SELECT name,state_desc from
sys.database_files
Name                         state_desc
 TEST_FILEGROUP              ONLINE
 TEST_FILEGROUP_log          ONLINE
 NEW_DATA_FILE               OFFLINE

9. Now as the file is offline the database is accessable.

Our query to Employee Table will give details like

SELECT TOP 100 [ID]
 ,[Name]
 FROM [TEST_FILEGROUP].[dbo].[Employee]
ID    Name
1000 John
1001 Tim
1002 Tracy
1003 Jim
1004 Ancy

If we attempt to query the table on the additional data file will give an error like

SELECT TOP 100 [ID]
 ,[Description]
 FROM [TEST_FILEGROUP].[dbo].[HRRECORDS]

Msg 8653, Level 16, State 1, Line 1
The query processor is unable to produce a plan for the table or view ‘HRRECORDS’ because the table resides in a filegroup which is not online.

This is Partial Database Availability were one whole database is available without some tables and we have achieved this using File Groups/Files.

Now how can we bring this ndf file back from the backup? Here is the process to show that to you –

1.We will restore the file group from the backup which we had taken earlier

RESTORE DATABASE TEST_FILEGROUP
FILEGROUP = 'ADDITIONAL' FROM DISK = 'C:\TestBackup\Additional_FileGroup.bak' WITH RECOVERY

Oops we are missing something here –

/*Msg 3159, Level 16, State 1, Line 1
The tail of the log for the database “TEST_FILEGROUP” has not been backed up. Use BACKUP LOG WITH NORECOVERY to backup the log if it contains work you do not want to lose.

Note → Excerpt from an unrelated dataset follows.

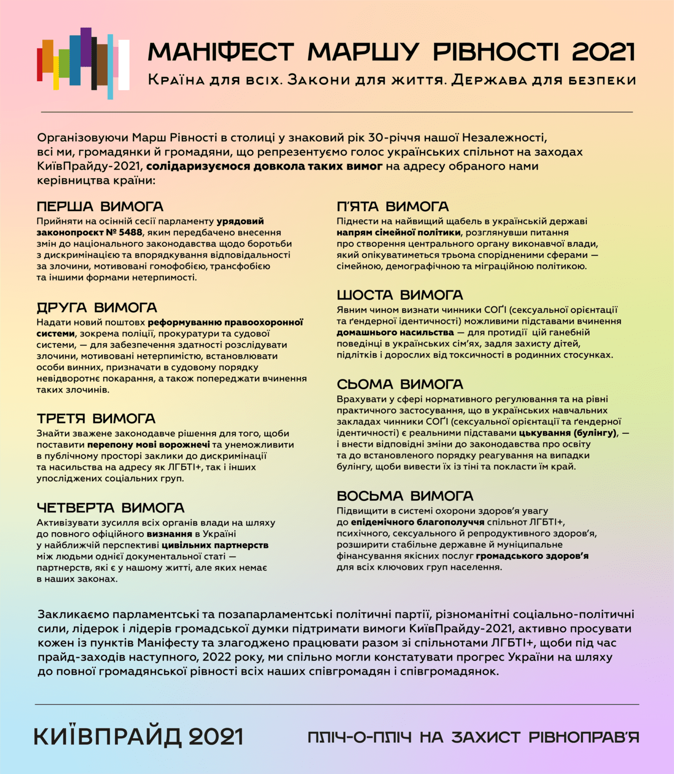Маніфест містить загалом 8 вимог до влади та суспільства:
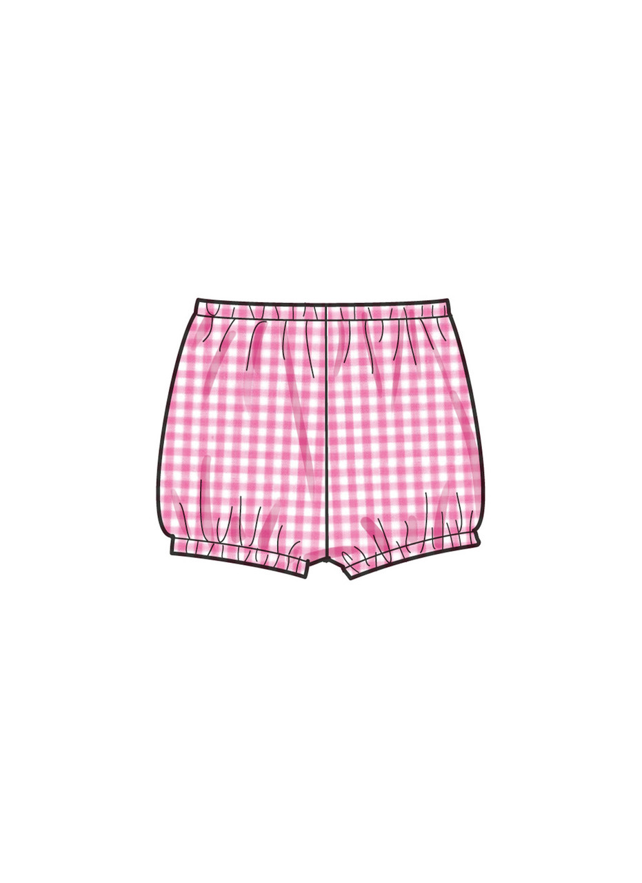 Button front dress has a lined fitted bodice with a ruffled lace trimmed collar and gathered skirt with lace trimmed pockets. Panty is finished with elastic. Headband in one size.

Use the WITH REPLACE or WITH STOPAT clause of the RESTORE statement to just overwrite the contents of the log.
Msg 3013, Level 16, State 1, Line 1
RESTORE DATABASE is terminating abnormally. */

What does the message says – It says that the tail of the log is not backed up and it needs to be done before we do a restore of the file group.

2. So lets go ahead and backup the tail of the log

BACKUP LOG TEST_FILEGROUP TO DISK='C:\TestBackup\Tail.trn' WITH NORECOVERY
/*Processed 10 pages for database 'TEST_FILEGROUP', file 'TEST_FILEGROUP_log' on file 1.
BACKUP LOG successfully processed 10 pages in 0.223 seconds (0.345 MB/sec).*/

3. Lets try to restore the file Group now.

RESTORE DATABASE TEST_FILEGROUP
FILEGROUP = 'ADDITIONAL' FROM DISK = 'C:\TestBackup\Additional_FileGroup.bak' WITH RECOVERY

I specifically used RECOVERY here for the restore command to show the error message and show what is the need of tail of log backup.

As soon as we run the above command we will get another message

Processed 16 pages for database 'TEST_FILEGROUP', file 'NEW_DATA_FILE' on file 1.
Processed 5 pages for database 'TEST_FILEGROUP', file 'TEST_FILEGROUP_log' on file 1.
The roll forward start point is now at log sequence number (LSN) 21000000019100001. 
Additional roll forward past LSN 21000000024300001 is required to complete the restore sequence.
This RESTORE statement successfully performed some actions, 
but the database could not be brought online because one or more RESTORE steps are needed. 
Previous messages indicate reasons why recovery cannot occur at this point.
RESTORE DATABASE ... FILE=<name> successfully processed 21 pages in 0.214 seconds (0.736 MB/sec).

4.Finally we will bring the database up by restoring the tail of log backup

RESTORE DATABASE TEST_FILEGROUP
FROM DISK = 'C:\TestBackup\Tail.trn' WITH RECOVERY
Processed 0 pages for database 'TEST_FILEGROUP', file 'TEST_FILEGROUP' on file 1.
Processed 0 pages for database 'TEST_FILEGROUP', file 'NEW_DATA_FILE' on file 1.
Processed 7 pages for database 'TEST_FILEGROUP', file 'TEST_FILEGROUP_log' on file 1.
RESTORE LOG successfully processed 7 pages in 0.117 seconds (0.463 MB/sec).

Now our database is completely available with both tables and as a test case we can just query HRRECORDS table to validate data

SELECT TOP 100 [ID]
 ,[Description]
 FROM [TEST_FILEGROUP].[dbo].[HRRECORDS]
ID   Description
1000 IT Spec
1001 DBA
1002 Developer
1003 Java Guy
1004 .NetSpec

Conclusion – Partial database availability is very much useful for huge databases and you have all your secondary file groups to store historical data and primary file group is critical for business.

Backup and restore of file/file groups is a very interesting topic and I will simulate this feature in SQL 2012 to see if there are any changes and will come up with more details.

I would love to hear your experience dealing with file groups and thanks for reading.